Exercise input –

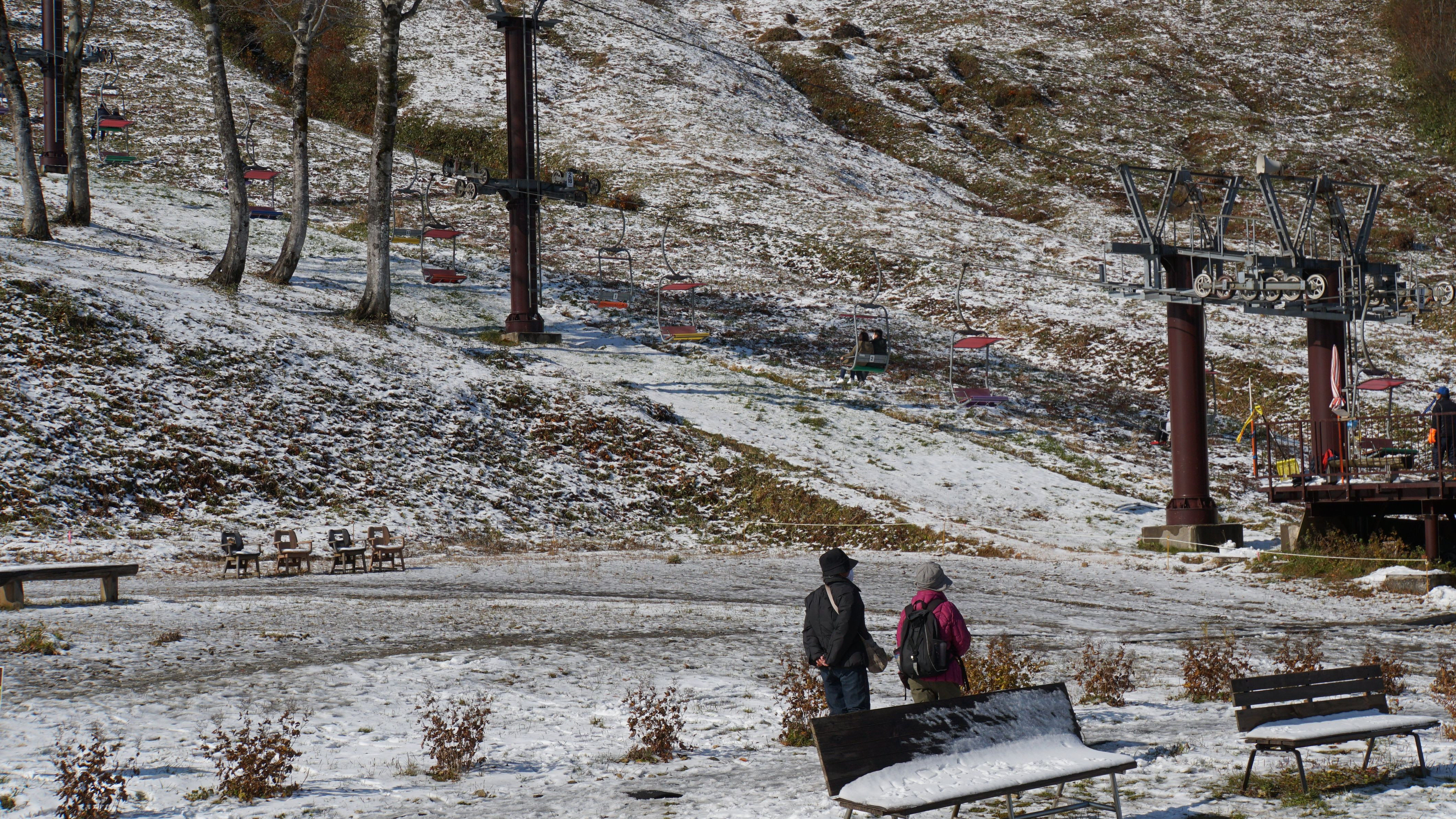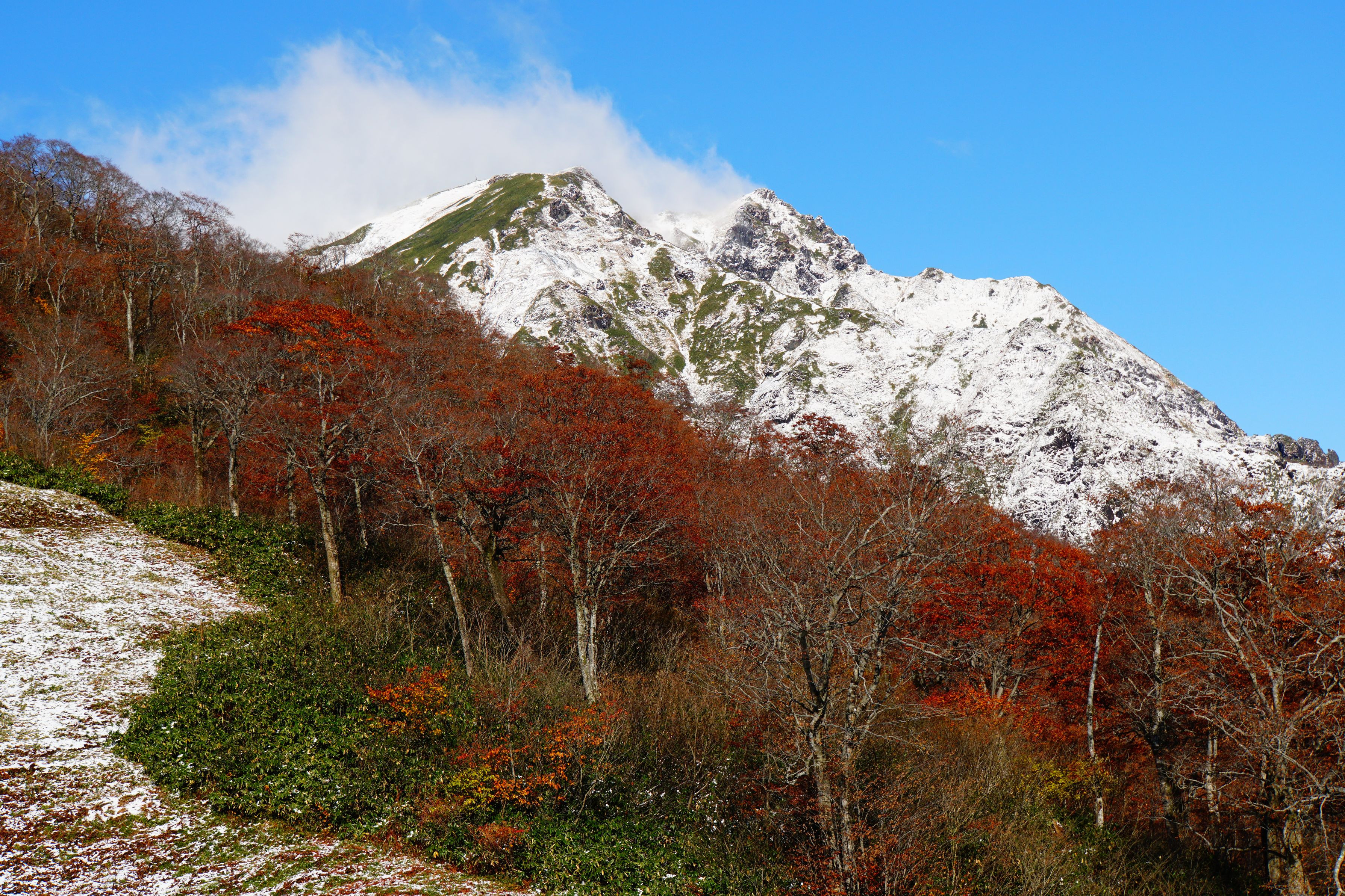 谷川岳ロープウェイの天神平で。 当日降った雪が所々に残り、紅葉とコラボしていました。
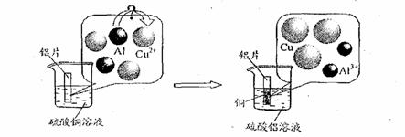 (5)在溶液中,铝比铜活泼,每2个铝原子失去6个电子,变成2个铝离子;每3个铜离子得到6个电子变成3个铜原子 (2分)
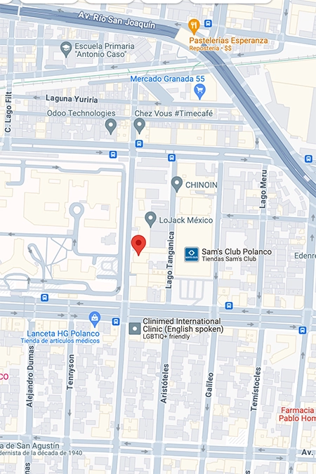 Sucursal Polanco Inicio / Sucursales / Sucursal Polanco Exclusivo Atención a Pacientes 55 4358 7145 Para reporte de incidentes en sucursal. Dudas, Sugerencias o Hacer una Cita 55 5531 3329 55 5531 3099 polanco@avanzarehab.com.mx Lago Victoria #80 Piso 1, Col. Granada, Miguel Hidalgo, 11520, CDMX.
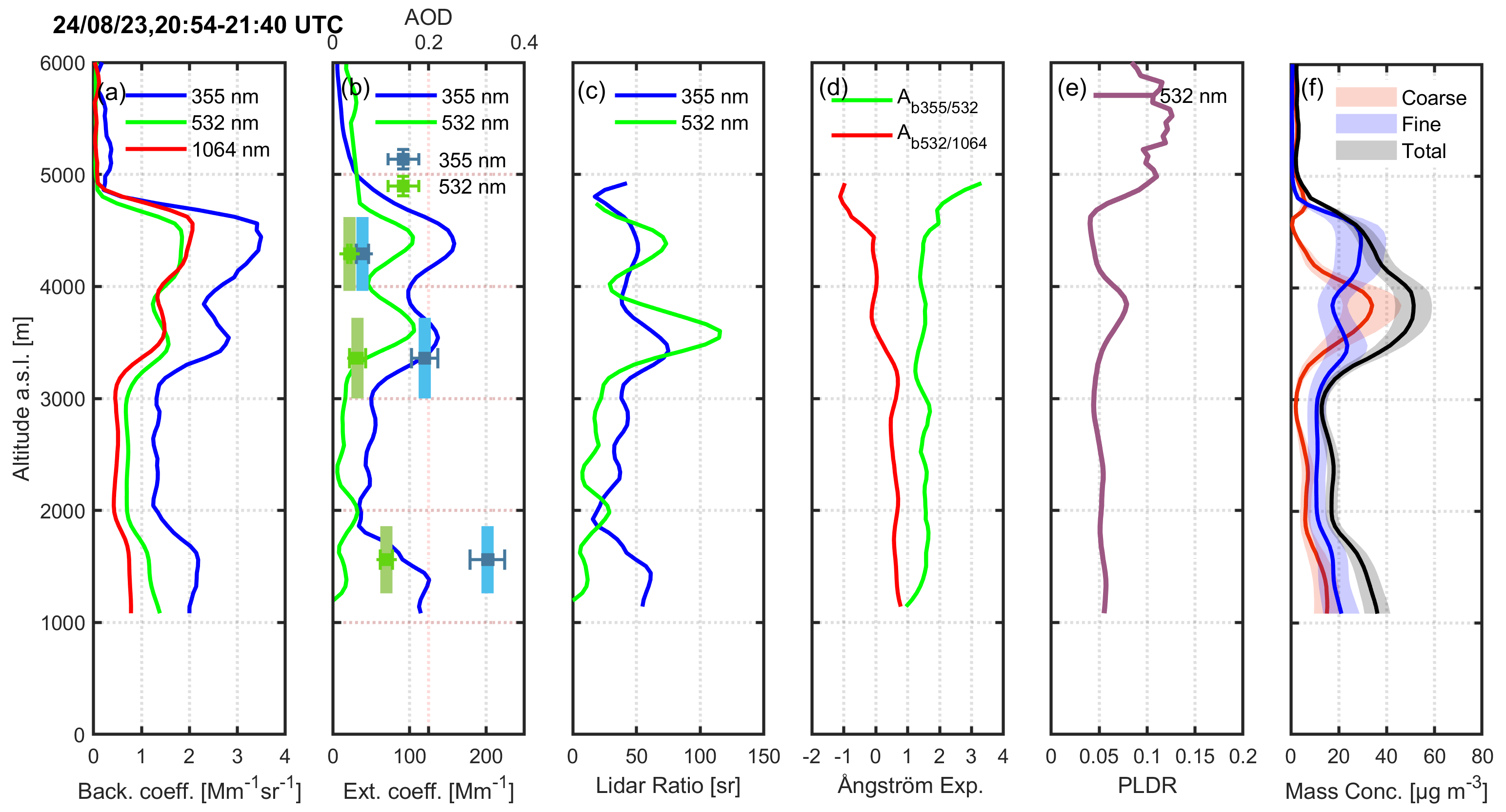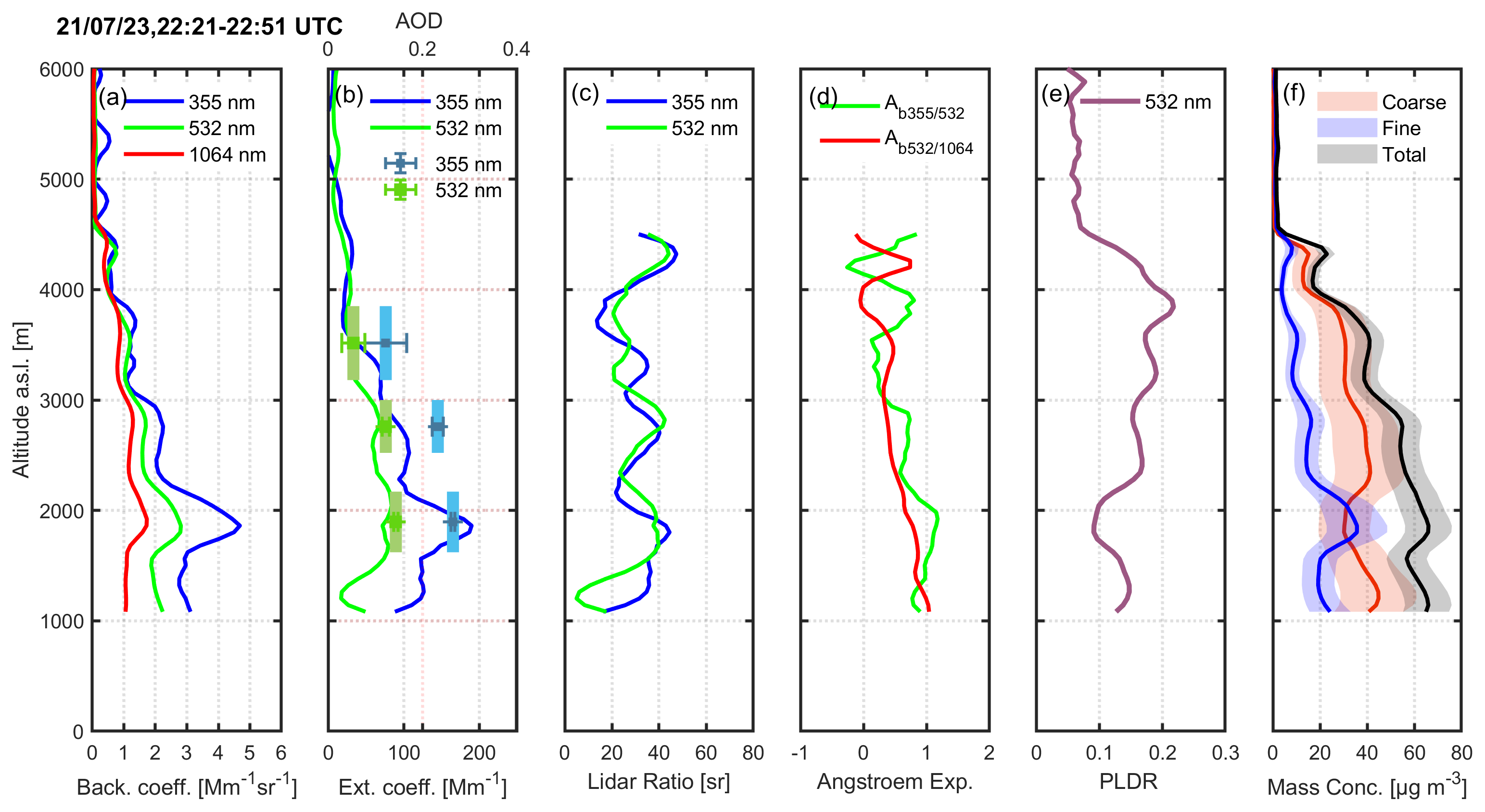 Figure 6Vertical profiles of aerosol (a) backscatter coefficient (355, 532 and 1064 nm) (b) extinction coefficient and AOD (355 and 532 nm) (c) lidar ratio (355 and 532 nm) Ångström (d) m exponent (e) PLDR (532 nm) and (f) aerosol mass concentration (coarse, fine mode and total particles) obtained by the EOLE and DEPOLE lidar systems on 21 July 2023 (18:20–18:50 UTC).
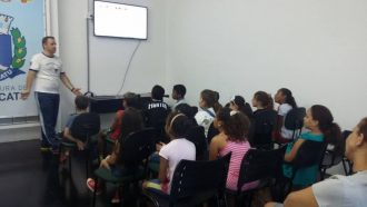 Orientados pelos agentes da Guarda Civil Municipal (GCM), Nóbrega e Jayme, os alunos participaram de uma aula teórica. Por cerca de uma hora receberam orientações de como se comportar no trânsito para que, assim, se tornem multiplicadores de informações levadas a seus familiares.
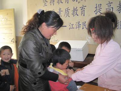 春季是各类传染性疾病的高发期,学校又是人群密集的区域,为保障师生的身体健康,湖北省郧县刘洞镇各学校积极配合镇防疫部门,认真做好在校学生接种春季疫苗的宣传动员工作。截止4月6日,该镇已有1400多学生接种流脑疫苗和麻腮疫苗,接种率达99℅。图为医务人员在刘洞镇九年一贯制学校为为幼儿园孩子接种疫苗。(湖北省郧县刘洞镇九年一贯制学校高超邮编442525)
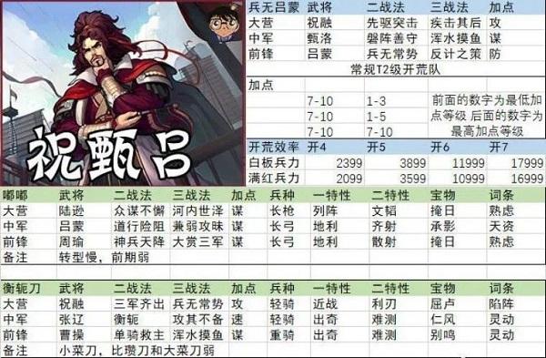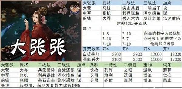 今年3月起,开始流行一支攻守兼备的队伍,大张张,优点数不胜数,但单以开荒角度来说,吃红,战法经验需求多,都是无法避免的缺点,因此我将其排到了
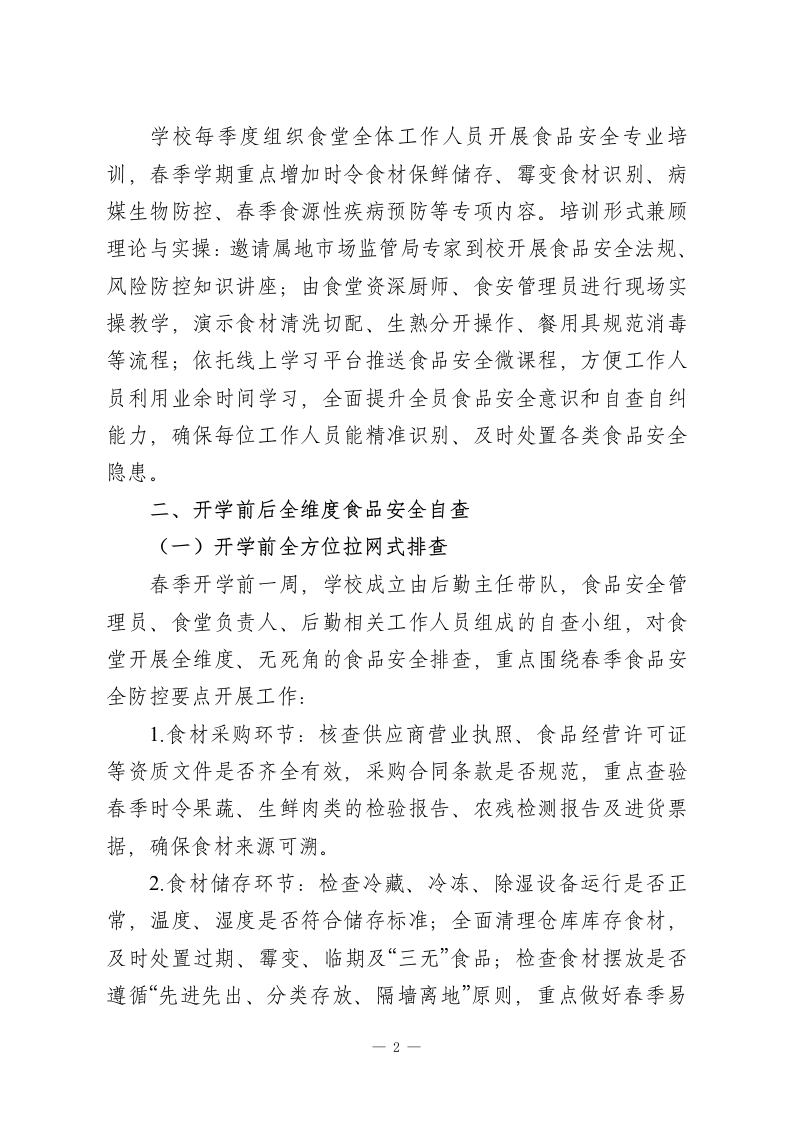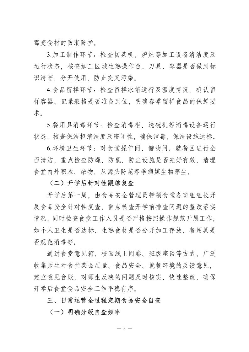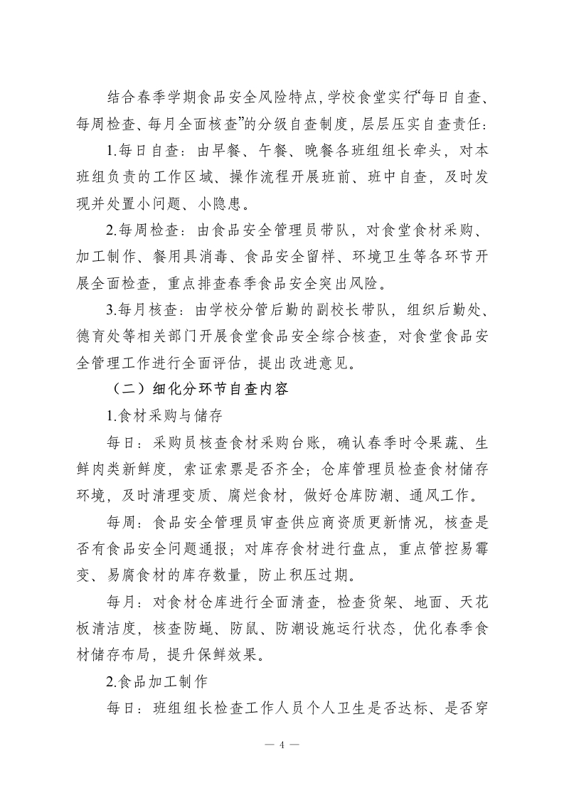 春季学期中小学食品安全自查管理制度一一守牢食安防线,护航师生健康中小学生正处于身体发育的关键时期,校园食品安全直接关系师生饮食健康与生命安全。2026年春季学期气温逐步回升、湿度增加,食材易腐变质、病媒生物开始孳生,食品安全防控压力显著加大。为全面强化学校食品安全管理,切实防范春季食品安全风险,依据《食品安全国家标准餐饮服务通用卫生规范》《餐饮服务食品安全操作规范》等法规要求,结合本校春季学期食堂运营实际,特制定本食品安全自查管理制度。一、食品安全自查机制构建(一)健全常态化自查体系学校食堂管理部门设立专职食品安全管理员,全面统筹组织食品安全自查工作,明确食堂采购员、厨师、保洁员、留样管理员等各岗位人员的食品安全自查职责,形成“专人负责、全员参与、各岗尽责”的自查体系。采购员重点把控食材采购源头安全,厨师聚焦加工制作环节规范操作,留样管理员严格落实食品留样要求,保洁员负责餐用具及环境卫生的自查整改。食品安全管理员结合春季学期食品安全特点,定期分析食堂运营各环节风险点,如春季时令果蔬保鲜难度大、高湿度易导致食材霉变、加工环节生熟交叉污染、病媒生物孳生等,据此制定针对性的自查清单和月度自查计划,明确检查标准、重点环节和完成时限,确保自查工作全覆盖、无死角。(二)开展针对性专业培训1
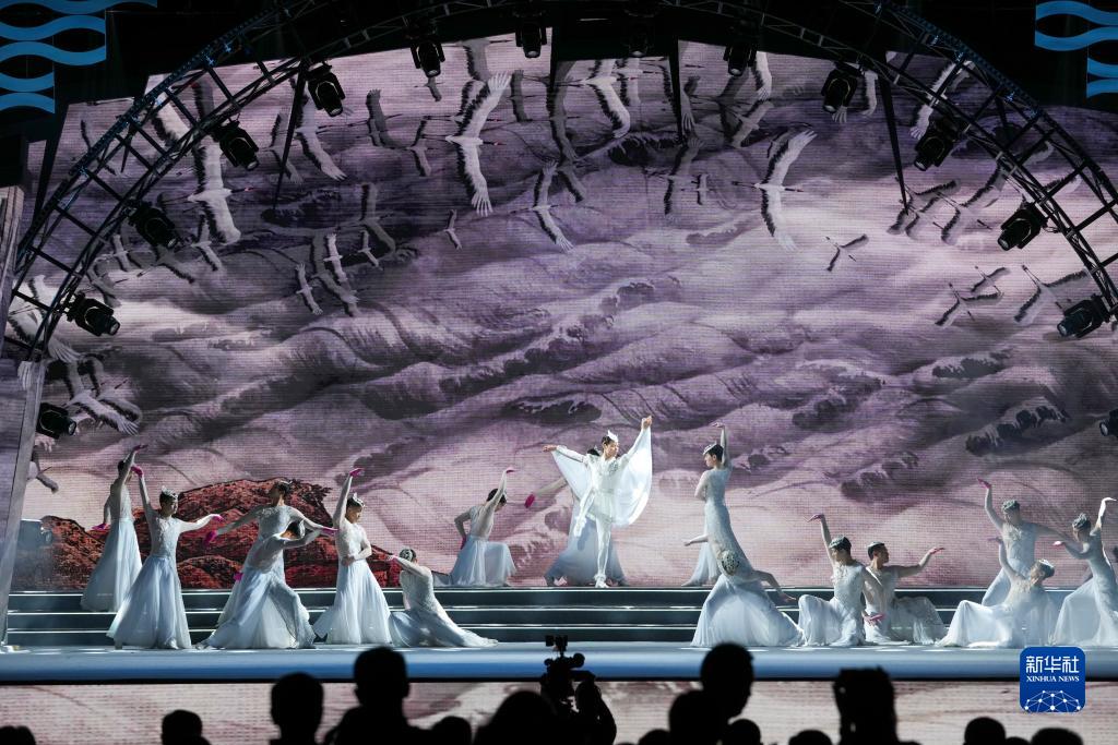 10月13日,在重慶涪陵舉辦的2023白鶴梁旅游文化節開(kāi)幕式上,演員表演舞蹈。

What is needed – Copy exactly the lines running from the beginning of the listing through the line that has "Sucursal Polanco Inicio". Drop the pictures.

Completed exercise –
 谷川岳ロープウェイの天神平で。 当日降った雪が所々に残り、紅葉とコラボしていました。
 (5)在溶液中,铝比铜活泼,每2个铝原子失去6个电子,变成2个铝离子;每3个铜离子得到6个电子变成3个铜原子 (2分)
 Sucursal Polanco Inicio / Sucursales / Sucursal Polanco Exclusivo Atención a Pacientes 55 4358 7145 Para reporte de incidentes en sucursal. Dudas, Sugerencias o Hacer una Cita 55 5531 3329 55 5531 3099 polanco@avanzarehab.com.mx Lago Victoria #80 Piso 1, Col. Granada, Miguel Hidalgo, 11520, CDMX.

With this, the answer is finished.